• **Task input**
- Opening Delimiter -

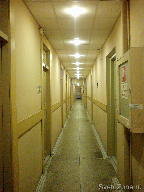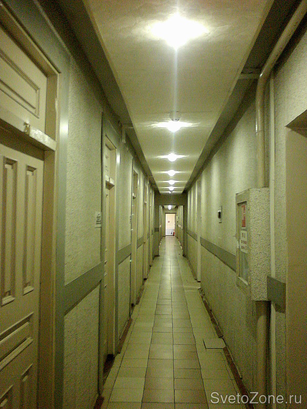 Для освещения коридоров применялись светодиодные светильники ЖКХ-08/100 с потреблением 10 Вт, при этом соблюдены нормы освещенности согласно действующим нормативам.
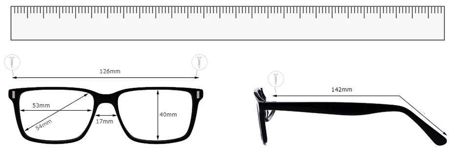 Il righello nella foto non può essere utilizzato per misurare i vecchi occhiali.Si prega di utilizzare la tua strumento di misurazione per controllare la dimensione delle vecchie coppie di bicchieri.(2-3 mm di differenza accettabile)
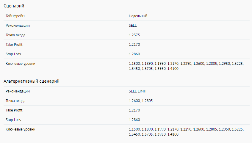 В данной ситуации можно открывать короткие позиции от текущего уровня, а также выставить отложенные ордера от уровней 1.2600, 1.2805 с целью 1.2170 и стоп-лоссом на отметке 1.2860.
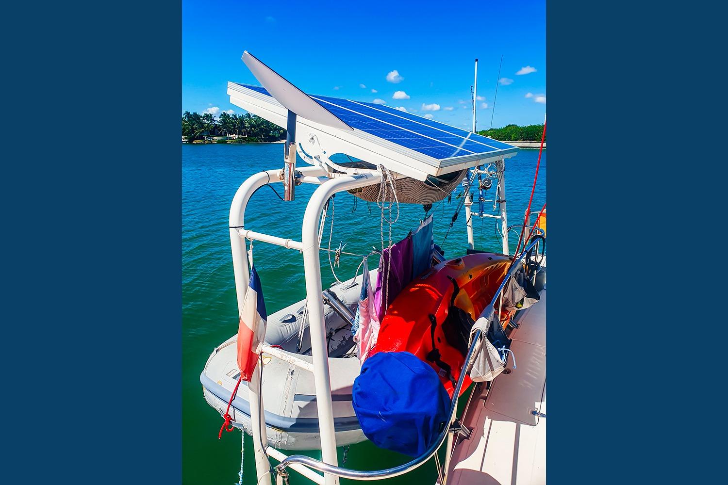 Concernant l’autonomie pour la vie à bord, il dispose d’un lave-linge 4 kg, d’un dessalinisateur produisant 50 litres par heure, de trois panneaux solaires totalisant 420 W, ainsi que d’un système Starlink permettant un accès Internet haut débit.
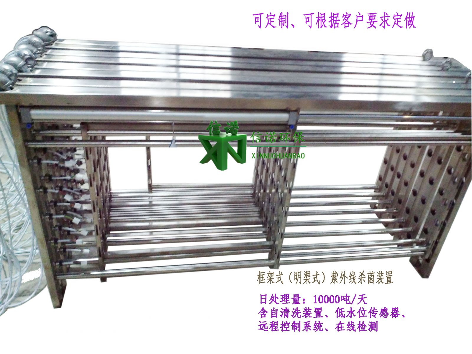 二、產(chǎn)品介紹框架式(明渠式)紫外線消毒器是通過(guò)布置于開槽溝渠 內(nèi)的紫外消毒模塊上的紫外燈發(fā)出中心輻射波長(zhǎng)為253.7nm的短波紫外線對(duì)流經(jīng)溝渠的水體進(jìn)行殺菌消毒,從而解決處理后的污水細(xì)菌指標(biāo)的超標(biāo)問(wèn)題,使**終排放水體的細(xì)菌學(xué)標(biāo)達(dá)到并超過(guò)國(guó)家相關(guān)排放標(biāo)準(zhǔn)及水質(zhì)標(biāo)準(zhǔn)要求。

- Closing Delimiter -

• **Exercise description**
Your answer must be the lines above from the one holding "В данной ситуации" up to and including the one holding "Concernant l’autonomie pour", exact and with no pictures.

• **Answer section**
 В данной ситуации можно открывать короткие позиции от текущего уровня, а также выставить отложенные ордера от уровней 1.2600, 1.2805 с целью 1.2170 и стоп-лоссом на отметке 1.2860.
 Concernant l’autonomie pour la vie à bord, il dispose d’un lave-linge 4 kg, d’un dessalinisateur produisant 50 litres par heure, de trois panneaux solaires totalisant 420 W, ainsi que d’un système Starlink permettant un accès Internet haut débit.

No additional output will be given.